(Aim of the exercise)
Using the listing below, print exactly everything from the line with "今年的五一档电影市场,就像一" down to the line with "extension of this", both included, and nothing more.

(Task inputs)
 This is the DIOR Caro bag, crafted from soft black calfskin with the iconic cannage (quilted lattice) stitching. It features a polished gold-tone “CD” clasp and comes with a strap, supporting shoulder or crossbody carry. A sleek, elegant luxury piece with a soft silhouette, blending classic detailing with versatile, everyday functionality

---

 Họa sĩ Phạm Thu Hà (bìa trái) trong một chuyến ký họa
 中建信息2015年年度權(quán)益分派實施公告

---

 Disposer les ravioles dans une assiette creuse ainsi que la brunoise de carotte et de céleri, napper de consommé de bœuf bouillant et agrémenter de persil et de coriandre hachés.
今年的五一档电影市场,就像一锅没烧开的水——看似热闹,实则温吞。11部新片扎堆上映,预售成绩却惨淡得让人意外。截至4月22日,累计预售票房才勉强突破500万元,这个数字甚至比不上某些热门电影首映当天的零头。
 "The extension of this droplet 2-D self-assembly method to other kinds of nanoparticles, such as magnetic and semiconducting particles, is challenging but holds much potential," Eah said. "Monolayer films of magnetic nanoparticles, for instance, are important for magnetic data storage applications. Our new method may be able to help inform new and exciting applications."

(Answer to the problem)
今年的五一档电影市场,就像一锅没烧开的水——看似热闹,实则温吞。11部新片扎堆上映,预售成绩却惨淡得让人意外。截至4月22日,累计预售票房才勉强突破500万元,这个数字甚至比不上某些热门电影首映当天的零头。
 "The extension of this droplet 2-D self-assembly method to other kinds of nanoparticles, such as magnetic and semiconducting particles, is challenging but holds much potential," Eah said. "Monolayer films of magnetic nanoparticles, for instance, are important for magnetic data storage applications. Our new method may be able to help inform new and exciting applications."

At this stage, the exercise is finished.